What you should do:
Among the entries below, the lines from the one with "At 6 inches" up to and including the one with "У національній збірній" are to be restated exactly, without pictures.
══ Records for the exercise ══
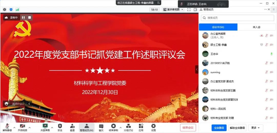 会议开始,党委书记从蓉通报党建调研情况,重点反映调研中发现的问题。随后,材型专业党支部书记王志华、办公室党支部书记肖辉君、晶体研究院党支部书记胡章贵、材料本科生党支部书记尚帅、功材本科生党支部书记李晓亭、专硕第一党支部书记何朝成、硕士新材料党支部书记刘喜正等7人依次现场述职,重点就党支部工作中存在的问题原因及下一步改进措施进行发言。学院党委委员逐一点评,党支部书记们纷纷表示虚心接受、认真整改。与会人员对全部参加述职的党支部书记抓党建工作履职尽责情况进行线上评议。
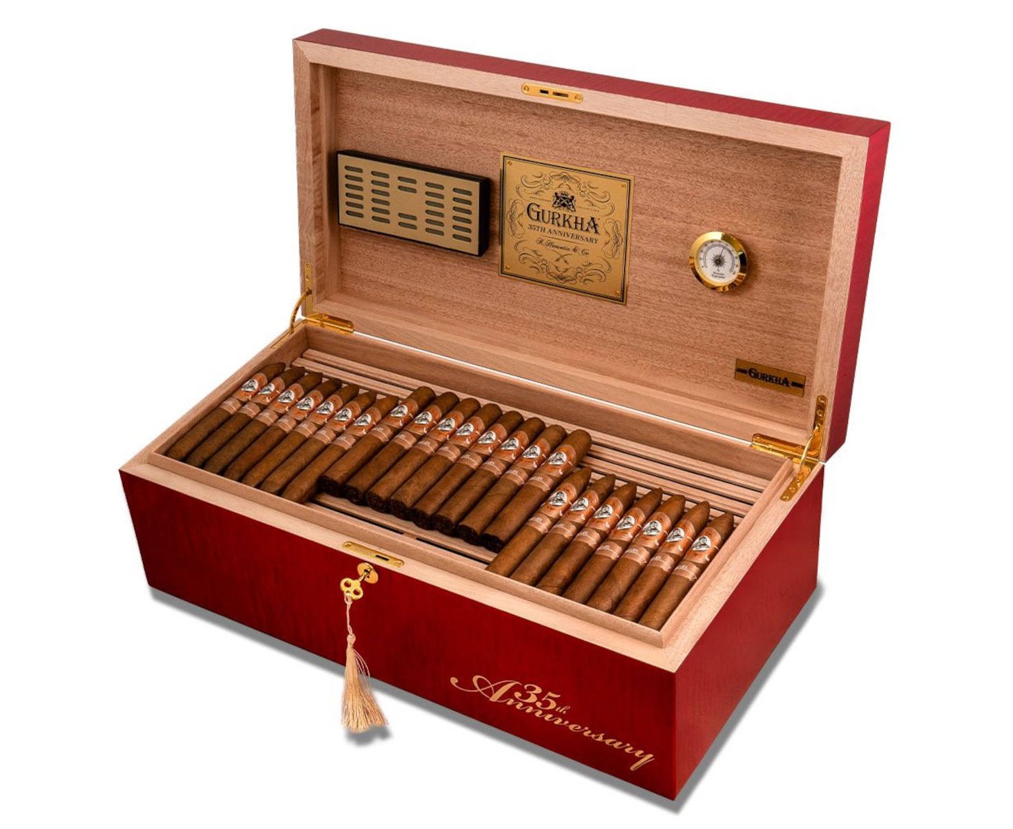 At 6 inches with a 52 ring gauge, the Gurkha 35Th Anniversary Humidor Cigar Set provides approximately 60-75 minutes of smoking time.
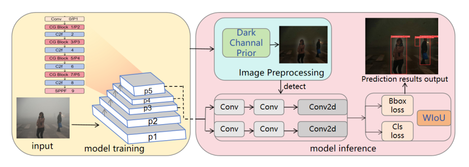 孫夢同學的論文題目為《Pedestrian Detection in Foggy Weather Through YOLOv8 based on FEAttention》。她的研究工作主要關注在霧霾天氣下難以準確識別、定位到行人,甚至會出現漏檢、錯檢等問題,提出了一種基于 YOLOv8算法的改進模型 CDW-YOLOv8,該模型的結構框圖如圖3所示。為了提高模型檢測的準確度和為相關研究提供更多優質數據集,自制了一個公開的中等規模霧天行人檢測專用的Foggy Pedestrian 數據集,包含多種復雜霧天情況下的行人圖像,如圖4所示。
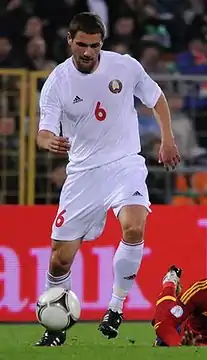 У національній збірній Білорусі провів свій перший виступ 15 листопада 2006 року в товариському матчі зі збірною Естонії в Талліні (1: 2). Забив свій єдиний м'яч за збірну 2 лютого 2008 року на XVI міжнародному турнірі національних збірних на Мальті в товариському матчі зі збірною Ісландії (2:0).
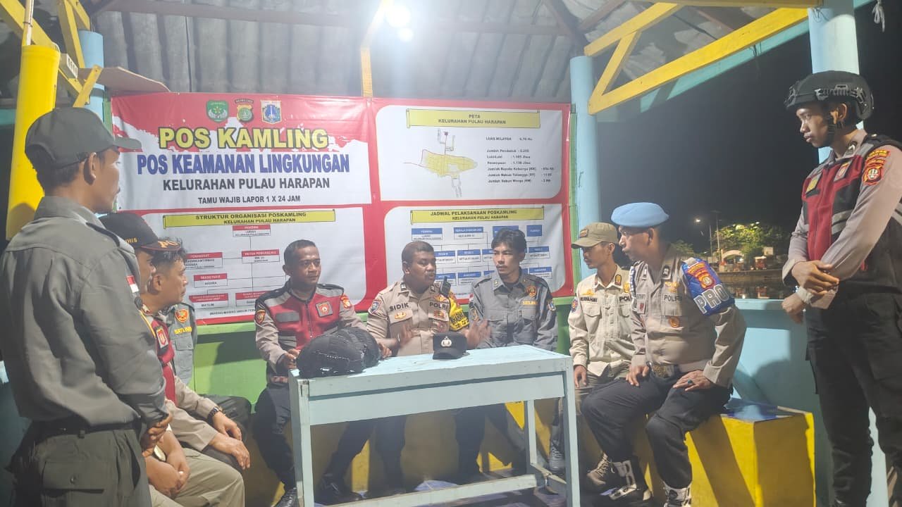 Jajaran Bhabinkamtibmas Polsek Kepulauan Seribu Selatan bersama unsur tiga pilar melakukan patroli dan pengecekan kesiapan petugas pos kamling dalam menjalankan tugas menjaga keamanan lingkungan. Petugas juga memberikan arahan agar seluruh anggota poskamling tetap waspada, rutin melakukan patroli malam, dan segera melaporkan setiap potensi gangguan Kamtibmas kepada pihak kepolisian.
═══
Result for this task:
 At 6 inches with a 52 ring gauge, the Gurkha 35Th Anniversary Humidor Cigar Set provides approximately 60-75 minutes of smoking time.
 孫夢同學的論文題目為《Pedestrian Detection in Foggy Weather Through YOLOv8 based on FEAttention》。她的研究工作主要關注在霧霾天氣下難以準確識別、定位到行人,甚至會出現漏檢、錯檢等問題,提出了一種基于 YOLOv8算法的改進模型 CDW-YOLOv8,該模型的結構框圖如圖3所示。為了提高模型檢測的準確度和為相關研究提供更多優質數據集,自制了一個公開的中等規模霧天行人檢測專用的Foggy Pedestrian 數據集,包含多種復雜霧天情況下的行人圖像,如圖4所示。
 У національній збірній Білорусі провів свій перший виступ 15 листопада 2006 року в товариському матчі зі збірною Естонії в Талліні (1: 2). Забив свій єдиний м'яч за збірну 2 лютого 2008 року на XVI міжнародному турнірі національних збірних на Мальті в товариському матчі зі збірною Ісландії (2:0).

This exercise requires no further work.